- WHAT THE TASK REQUIRES
Transcribe the material verbatim, starting at its first line and stopping once the line containing "밀짚 대용량 패션 캐주얼" has been given; no picture should appear.

- GIVEN MATERIAL

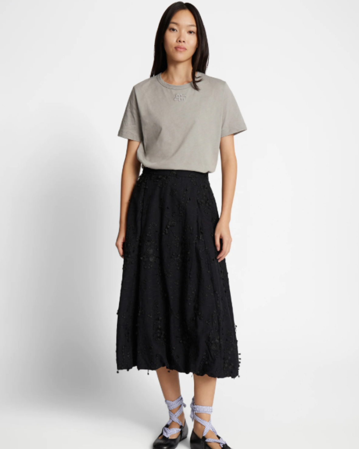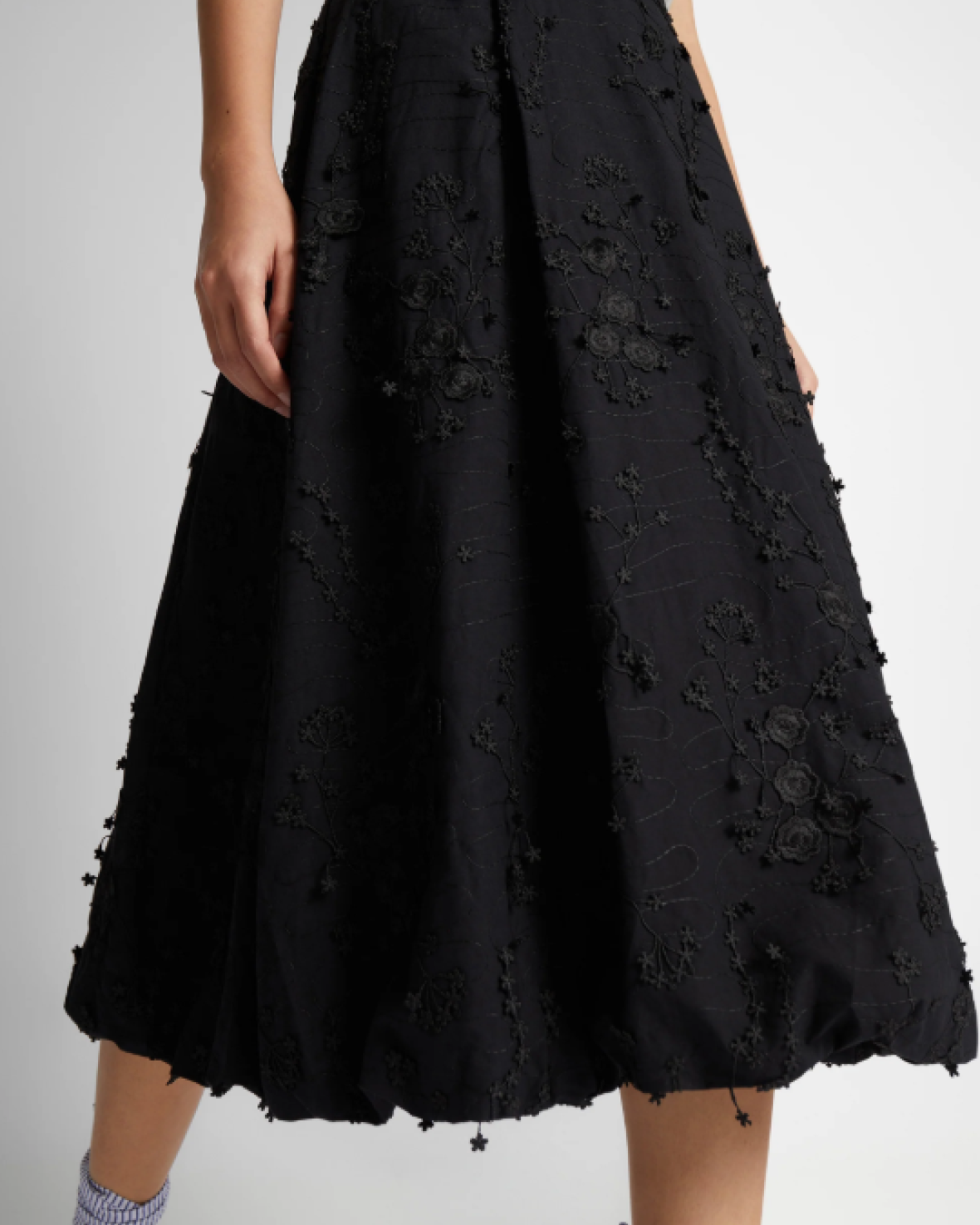 FIAMMA NEDERDEL - MUNTHE er en smuk ballon nederdel med elegante all-over blomster applikationer. Nederdelen er designet med et smalt bånd i taljen og lukkes med en lynlås bagpå.Kvalitet: Økologisk bomuld
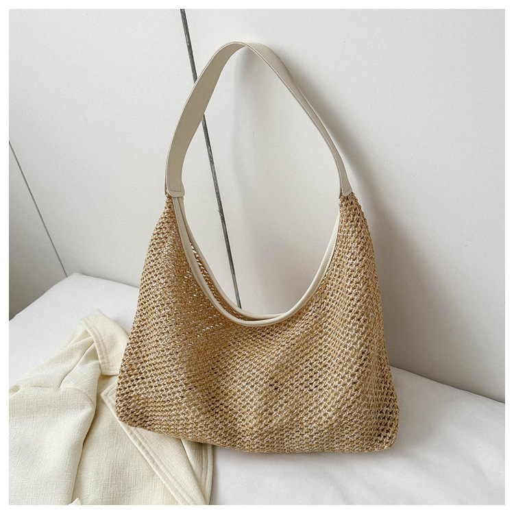 밀짚 대용량 패션 캐주얼 가방 2024 여름 인기있는 한국 스타일 짠 어깨 언더암 가방 토트 백
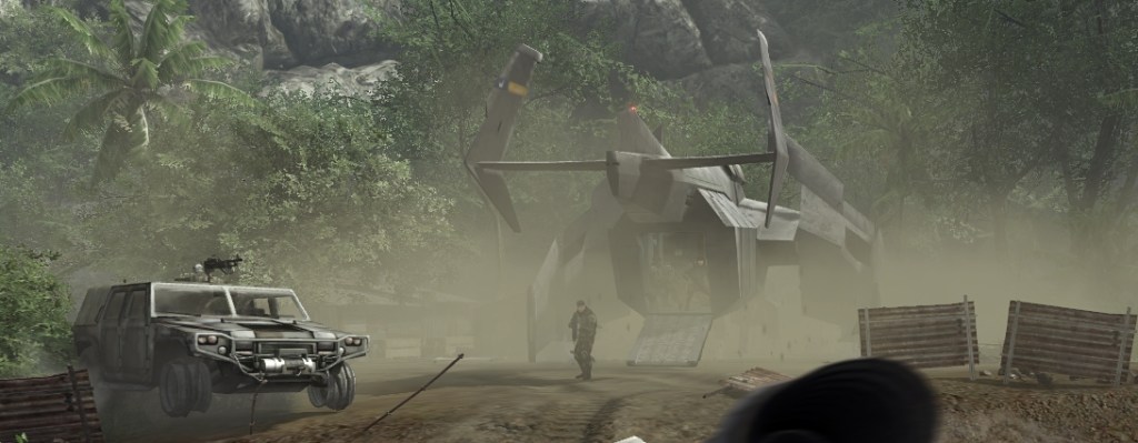 Not to forget the vehicles, which are a big part of the game as well. Most of the fighting will be on the ground, powered by your own two legs. But you will get the chance to drive and fly everything from jeeps and tanks to VTOL aircraft. Outside a few forced vehicle segments, the game lets you tackle the missions however you want. Sneak inside to whack dudes silently or go full guns blazing? Sure, pick whatever! Yet, you can also crash the party with a car with a mounted machine gun if you prefer. Crysis is not an open world, but the mission areas are big enough to allow you to play your way. I enjoy being the sneaky guy. To lie still in high grass, waiting for patrols to slowly wander past, and then slip away without them noticing me. Ah, professionalism!

- TASK RESULT
 FIAMMA NEDERDEL - MUNTHE er en smuk ballon nederdel med elegante all-over blomster applikationer. Nederdelen er designet med et smalt bånd i taljen og lukkes med en lynlås bagpå.Kvalitet: Økologisk bomuld
 밀짚 대용량 패션 캐주얼 가방 2024 여름 인기있는 한국 스타일 짠 어깨 언더암 가방 토트 백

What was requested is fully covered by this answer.